Translator: Arianna Hernandez
Since last October, it has become common to see red spots in the ocean on the beaches of Guanacaste. This phenomenon is known as the red tide. And while it’s common for it to occur between December and March, it’s not usual for it to last that long. The last times this phenomenon lasted this long was in 2005 and between 2009 and 2010, which severely affected the corals of Guanacaste.
Now, for a month and a half, residents and tourists of Playas del Coco, Hermosa, Panama and other North Pacific beaches reported a large number of dead sea urchins on the coasts in these places.
The Center for Research in Marine Sciences and Limnology (CIMAR-UCR) attributed these mass deaths to the possibility that these animals were intoxicated due to the red tide.
What is a red tide?
A red tide is a phenomenon that occurs when microalgae called dinoflagellates, which are not visible to the human eye, carry out the process of photosynthesis (the metabolic process by which some organisms convert carbon dioxide into oxygen). Under certain conditions of fertilization, carbon dioxide, oxygen and water, microalgae begin to grow. This is visually perceived as a red spot in the water, known as a red tide.
Cindy Fernandez, a biologist and researcher at CIMAR who specializes in algae, explained that these organisms are always in the ocean, but when the water contains so many nutrients, the organisms grow until they become visible to the human eye because they have a reddish color. or orange pigments, depending on the species. The red tide is a natural phenomenon and not all the organisms (microalgae) that produce it are poisonous, although those found in Guanacaste are.
In the North Pacific, it normally occurs from December to March due to natural nutrients rising in the water due to wind currents, with which the dinoflagellates grow and later die.
“At these times, these algae have the possibility of turning into cysts. They are at the bottom of the ocean, waiting for favorable conditions. Then they are said to form cysts and remain hidden in the mud of the ocean. When there are a lot of nutrients, they start to come out, as if the cyst is bursting,” Fernandez explained.
These microalgae clean the ocean of other animal wastes (such as sediment or feces), which are nutrients for them. Red tide is a common phenomenon in the natural cycle of organisms. What is not so normal is that the red tide lasts so long.
Why has it been present on our beaches for so long?
Due to the large amount of rain, in addition to the natural nutrients that are in the ocean, such as dead animals or their waste. There are also nutrients that go from land to ocean. It works like a fertilizer to make the algae grow even more.
According to the biologist, if increased rainfall adds to the waste from human activities in the greater metropolitan area that ultimately ends up in the sea, deforestation and sewage dumping generates the ideal conditions for the red tide to continue for a long time.
How does this affect different species (including us)?
The effect a red tide can have on humans and animals depends on the species of dinoflagellate causing it.
In particular, it affects fish by sticking to their gills (their respiratory organs), which prevents fish from filtering oxygen and kills them. Another way is that he reduces the level of oxygen in the water. Microalgae breathe in oxygen and release carbon dioxide, causing fish to drown. This process is called eutrophication.
It damages shellfish by “bioaccumulation”. In other words, when molluscs eat other species that have consumed the dinoflagellates that produce a red tide, then the toxin accumulates through the food chain.
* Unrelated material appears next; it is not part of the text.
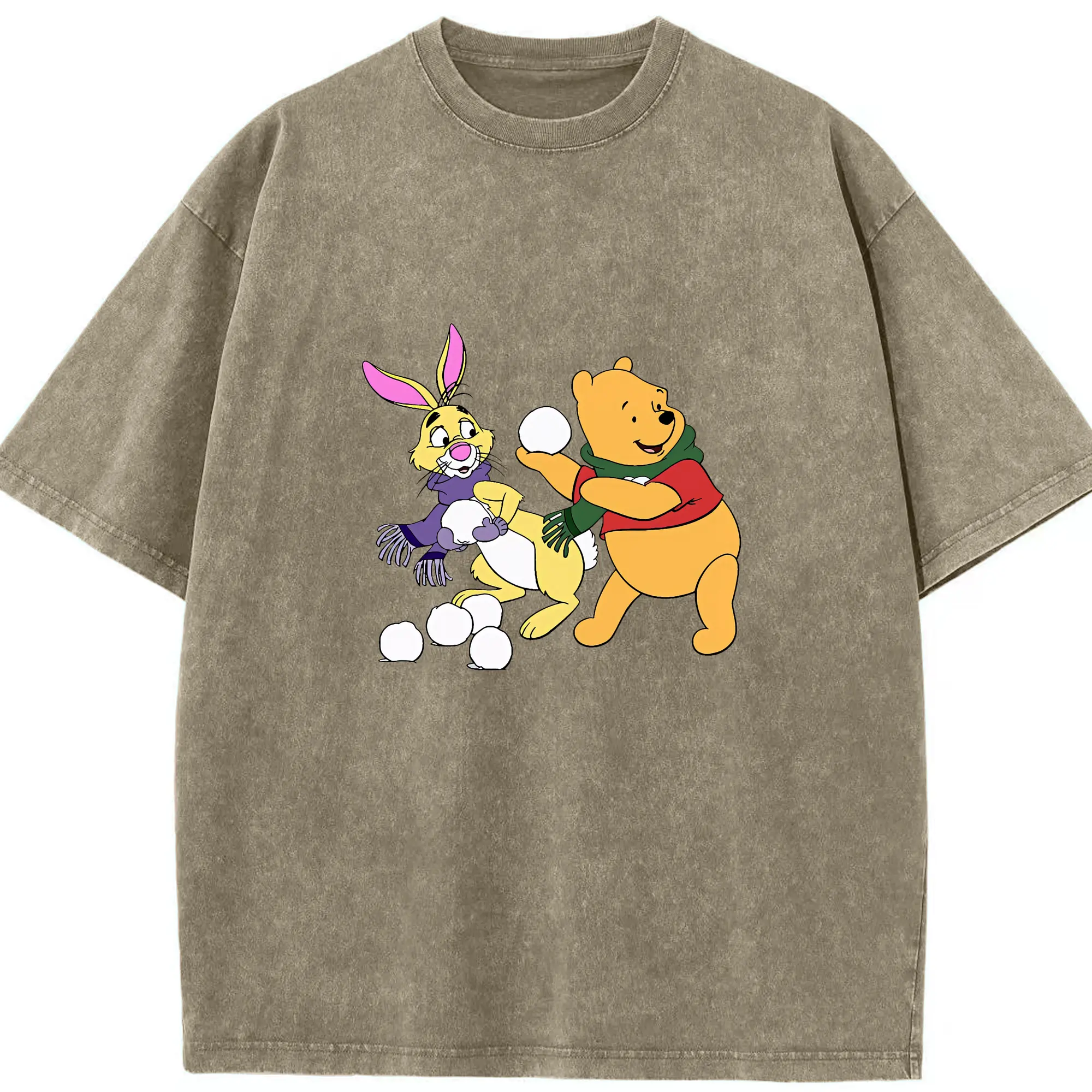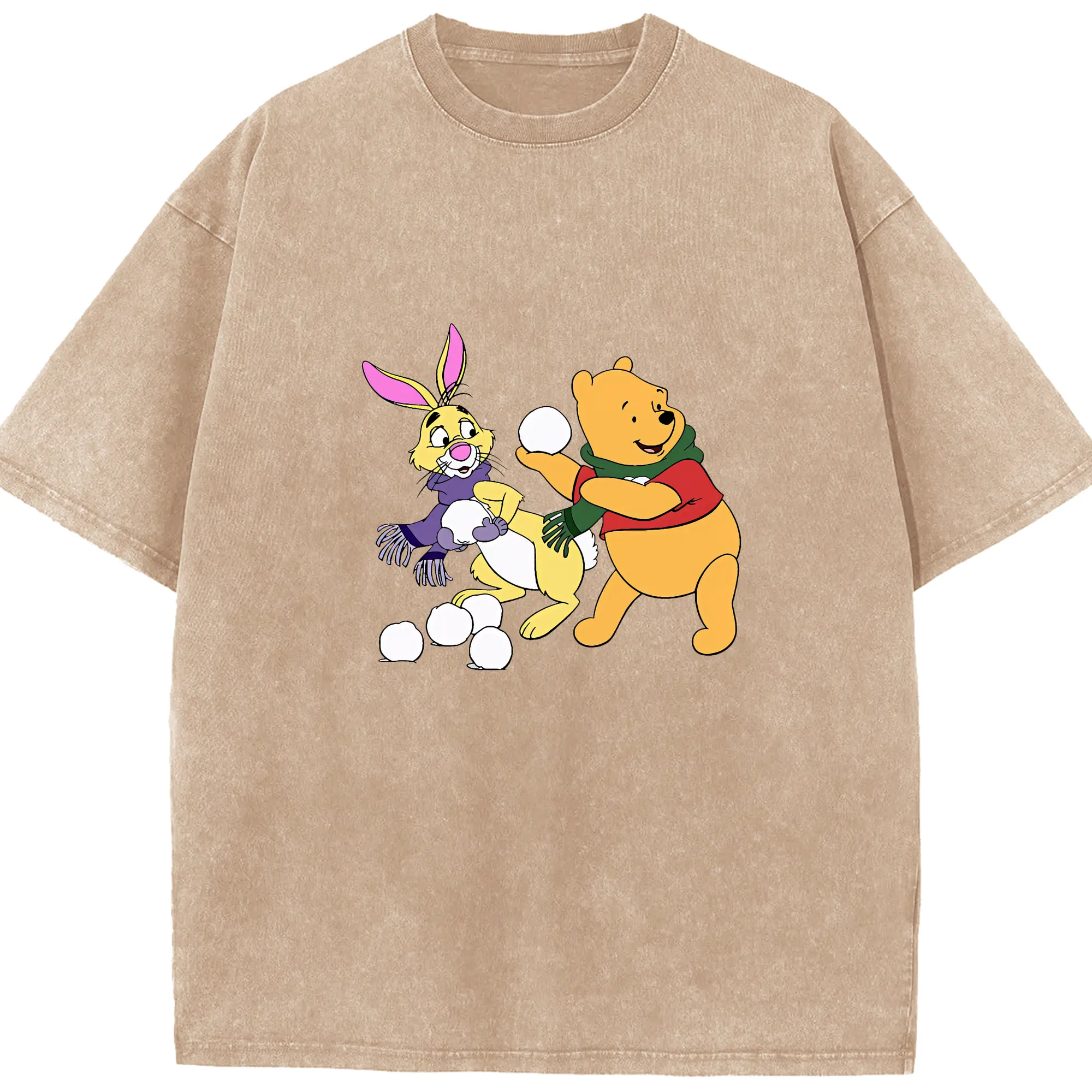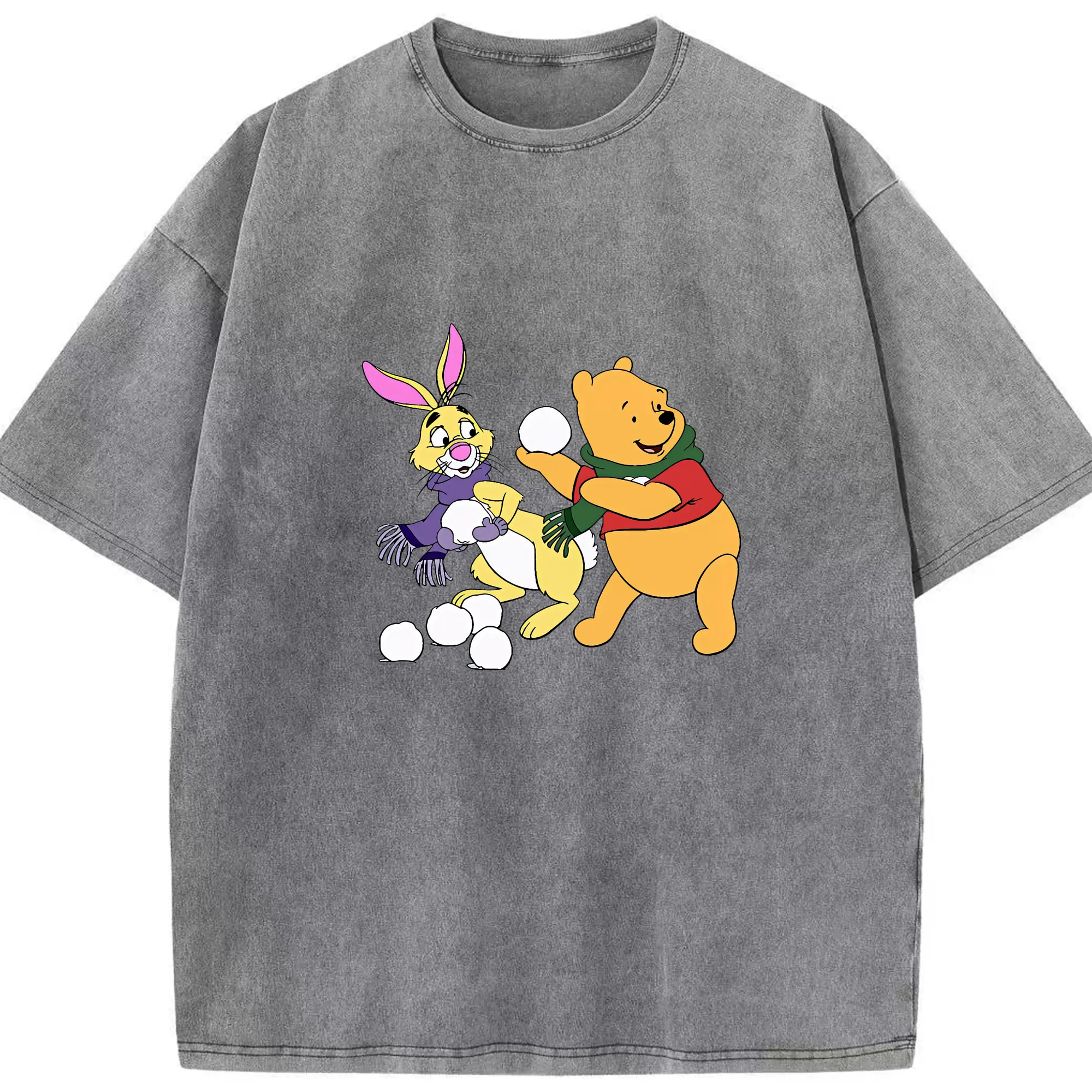プーさん グッズ ラビット - 綿100% ヴィンテージ風 半袖Tシャツ ・ 背面プリント ・ 柔らか肌触り ・ 通気性 快適 ・ スポーツ カジュアル 外出用

That’s also how it hurts people. Human beings can consume shellfish carrying this toxin, resulting in diarrheal poisoning in most cases.
CIMAR biologist and researcher Juan Jose Alvarado mentioned that the death of sea urchins in Playas del Coco, Hermosa, Panama and other nearby beaches is the most serious consequence of this red tide they recorded.
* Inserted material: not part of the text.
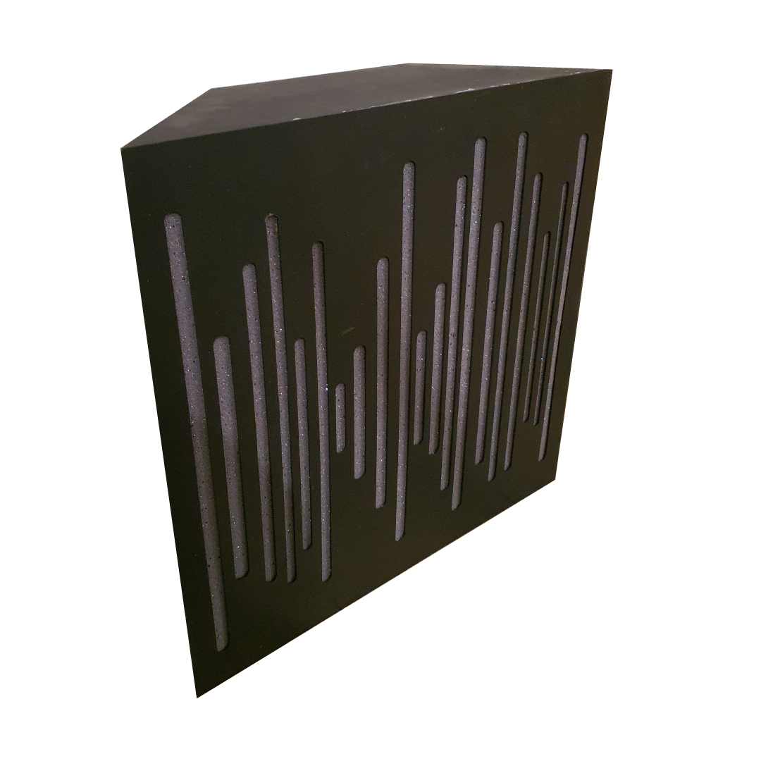 CORNER XTREM BASSTRAP. Apropiado para montaje en esquina, proporciona una absorción efectiva de baja frecuencia entre 60 y 125 Hz y ofrece la máxima efectividad entre 75 y 100 Hz. El panel frontal de madera tiene dos funciones, proporcionando suficiente absorción de frecuencias medias y altas para controlar los reflejos de las esquinas sin amortiguar el sonido, al mismo tiempo que actúa como un difusor.

According to Alvarado, they have been receiving notifications of dead urchins since mid-June, with reports of 30 or 40 dead urchins. However, during the last week of July, 3,000 dead sea urchins were counted on Panama Beach, while nearly 4,000 were found dead on Hermosa Beach.
There are reports of starfish and turtles that have also died in smaller numbers. In February, they also noted affected corals in Playas del Coco, but they are currently not showing any damage, probably because another species is causing the red tide, according to the biologist.
Previously, in 2005 and 2010, the corals were severely affected mainly due to the red tide, which caused a precipitous drop in coral cover in the area.
The National Animal Health Service (SENASA) confirmed to La Voix de Guanacaste that certain analyzes revealed the presence of toxins harmful to human health in some molluscs.
Currently, shellfish fishing is prohibited in El Coco (Playas del Coco) and Las Catalinas. However, according to Ruben Rodriguez, head of the collection center of the Chamber of Fishermen of Guanacaste, this was not the greatest impact caused by the red tide.
The main impact it caused to the fishermen was the difficulty in being able to fish for octopus, since this animal and lobsters are the most fished and marketed species. The technique they use is diving, and the red spot in the ocean prevents anglers from having good visibility underwaterwhich brought out the octopuses in fewer numbers than in previous years.
There are weeks, there are months when divers cannot go out at all. They tell me ‘you can’t dive’. The water is so thick you can’t see the product,” Rodriguez explained.